▶ [Your objective] All lines below starting at the one that holds "油菜花田里、古桥边、乡间小路" and ending at the one that holds "وعد بلفور مازال" should be printed exactly, ends included. Pictures should not be printed, nor anything else.

▶ [Records for this exercise]
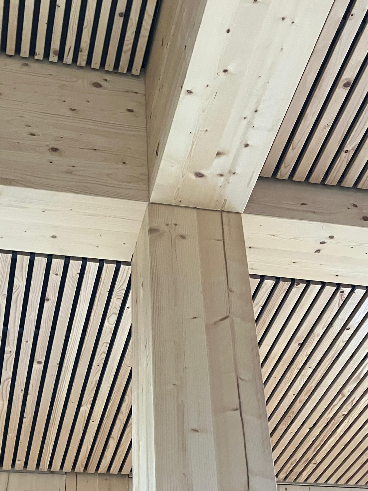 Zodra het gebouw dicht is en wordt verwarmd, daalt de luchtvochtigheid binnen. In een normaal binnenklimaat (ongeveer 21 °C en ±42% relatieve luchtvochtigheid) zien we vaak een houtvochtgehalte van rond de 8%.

* * *

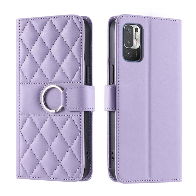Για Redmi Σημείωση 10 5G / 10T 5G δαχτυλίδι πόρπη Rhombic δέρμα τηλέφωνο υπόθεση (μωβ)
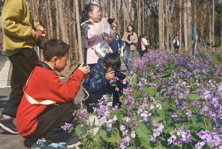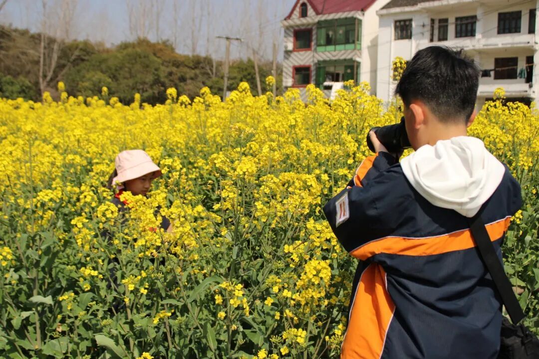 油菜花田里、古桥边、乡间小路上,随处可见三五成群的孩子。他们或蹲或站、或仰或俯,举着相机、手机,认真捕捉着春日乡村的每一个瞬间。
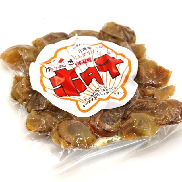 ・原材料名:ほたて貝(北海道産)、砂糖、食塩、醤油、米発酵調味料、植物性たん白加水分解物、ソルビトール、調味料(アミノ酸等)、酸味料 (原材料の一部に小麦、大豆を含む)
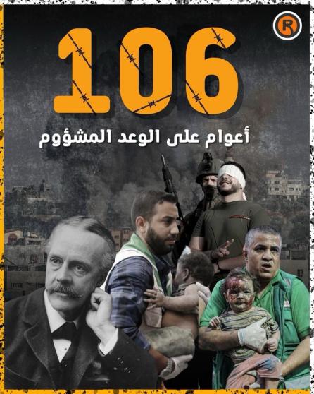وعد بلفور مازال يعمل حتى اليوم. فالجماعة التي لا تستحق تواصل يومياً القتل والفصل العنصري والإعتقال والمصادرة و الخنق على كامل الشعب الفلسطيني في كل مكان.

▶ [Result]
 油菜花田里、古桥边、乡间小路上,随处可见三五成群的孩子。他们或蹲或站、或仰或俯,举着相机、手机,认真捕捉着春日乡村的每一个瞬间。
 ・原材料名:ほたて貝(北海道産)、砂糖、食塩、醤油、米発酵調味料、植物性たん白加水分解物、ソルビトール、調味料(アミノ酸等)、酸味料 (原材料の一部に小麦、大豆を含む)
وعد بلفور مازال يعمل حتى اليوم. فالجماعة التي لا تستحق تواصل يومياً القتل والفصل العنصري والإعتقال والمصادرة و الخنق على كامل الشعب الفلسطيني في كل مكان.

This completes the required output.